7.10 References and Further Reading

For good overviews of machine learning see Mitchell (1997), Duda et al. (2001), Bishop (2008), and Hastie et al. (2009).

The collection of papers by Shavlik and Dietterich (1990) contains many classic learning papers. Michie et al. (1994) give empirical evaluation of many learning algorithms on many different problems. Briscoe and Caelli (1996) discuss many different machine learning algorithms. Weiss and Kulikowski (1991) overview techniques for classification learning. Davis and Goadrich (2006) discusses precision, recall, and ROC curves.

The approach to combining expert knowledge and data was proposed by Spiegelhalter et al. (1990).

Decision-tree learning is discussed by Quinlan (1986). For an overview of a mature decision-tree learning tool see Quinlan (1993).
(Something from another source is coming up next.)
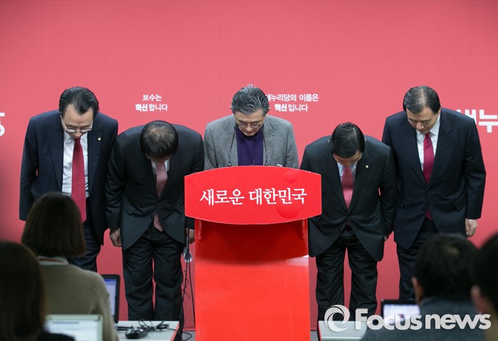 (서울=포커스뉴스) 이한구 새누리당 공천관리위원장과 위원들이 11일 오후 서울 여의도 당사에서 공관위 내부 갈등 등에 대해 사과하는 내용의 기자회견을 하고 있다. 왼쪽부터 김회선, 박종희 위원, 이 위원장, 황진하 부위원장, 홍문표 위원.

The Gini index [Exercise 7.10] is the splitting criteria used in CART [Breiman et al. (1984)].

TAN networks are described by Friedman et al. (1997). Latent tree models are described by Zhang (2004).
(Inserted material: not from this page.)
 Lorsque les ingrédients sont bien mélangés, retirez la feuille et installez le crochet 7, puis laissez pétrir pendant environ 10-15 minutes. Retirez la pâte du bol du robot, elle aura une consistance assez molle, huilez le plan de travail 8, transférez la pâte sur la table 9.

For overviews of neural networks see Bishop (1995), Hertz et al. (1991), and Jordan and Bishop (1996). Back-propagation is introduced in Rumelhart et al. (1986). Minsky and Papert (1988) analyze the limitations of neural networks.

For reviews of ensemble learning see Dietterich (2002). Boosting is described in Schapire (2002) and Meir and Rätsch (2003).

For reviews on case-based reasoning see Aamodt and Plaza (1994), Kolodner and Leake (1996), and Lopez De Mantaras et al. (2005). For a review of nearest-neighbor algorithms, see Duda et al. (2001) and Dasarathy (1991). The dimension-weighting learning nearest-neighbor algorithm is from Lowe (1995). For a classical review of case-based reasoning, see Riesbeck and Schank (1989), and for recent reviews see Aha et al. (2005).

Version spaces were defined by Mitchell (1977). PAC learning was introduced by Valiant (1984). The analysis here is due to Haussler (1988). Kearns and Vazirani (1994) give a good introduction to computational learning theory and PAC learning. For more details on version spaces and PAC learning, see Mitchell (1997).

For overviews of Bayesian learning, see Jaynes (2003), Loredo (1990), Howson and Urbach (2006), and Cheeseman (1990). See also books on Bayesian statistics such as Gelman et al. (2004) and Bernardo and Smith (1994). Bayesian learning of decision trees is described in Buntine (1992). Grünwald (2007) discusses the MDL principle.

For research results on machine learning, see the journals Journal of Machine Learning Research (JMLR), Machine Learning, the annual International Conference on Machine Learning (ICML), the Proceedings of the Neural Information Processing Society (NIPS), or general AI journals such as Artificial Intelligence and the Journal of Artificial Intelligence Research, and many specialized conferences and journals.